The headline caught my attention… I never knew Trump voters had a mind. I’m still not convinced.
The evidence is plain. Trump brought out the most and the second most voters _ever_ for a Republican presidential candidate. His voter base _increased_ after watching his train wreck of a presidency. His candidates are winning in primaries across the nation, and the majority of Republicans now believe in his facially stupid election lies. The author of this story is Charlie Brown trying to kick the remorseful family Republican football as if she can’t remember Lucy pulling it away some hours/days after Jan 6th. The evidence is clear here. We are dealing with a modern mass hysteria formed on the basis of powerful new technology that completely democratizes communication and “truth” in a political system uniquely flawed in ways that make it possible for the minority to wield so much power via geography. Republicans are in a fear spiral, and the momentum is just too strong for most people to escape. They are going “over the cliff” with Trump, and the only reasonable strategy left for reasonable Americans is to try and outvote those lunatics until they find somewhere else to project their hatred and fear.

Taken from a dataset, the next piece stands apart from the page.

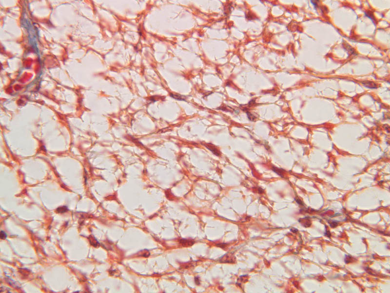 It is characterized by irregular, interconnecting cords of cells which are separated by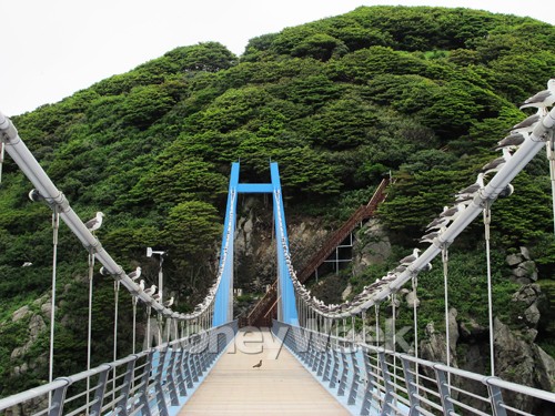 엘리베이터를 통해 7층에 올라 목재펜스 탐방로를 따라 걷다보면 연도교를 만난다. 길이 140m, 폭 3m로 차가 다닐 수 없는 다리지만 그 위용에 압도될 만큼 화려하다. 울릉도 터줏대감인 괭이갈매기가 다리의 주탑과 케이블을 점령한 채 낯선 이방인을 주시하는 게 이색적이다. 다리 위에서 보는 바다는 태하등대에서 바라본 북쪽 해안과 삼선암 남쪽 선녀탕과 더불어 최고의 색깔을 자랑한다.

In the case of Trump, we’re talking generations that have been “groomed” by the GOP to mistrust government, see liberals as “takers,” socialist degenerates, etc. They’ve been taught to believe lies to the point of voting against their own self-interest on a host of issues. The Big Lie and Trump as victim are just the culmination (for now) of that habituation. Somebody quits the bottle or the crack pipe down every day, but most don’t.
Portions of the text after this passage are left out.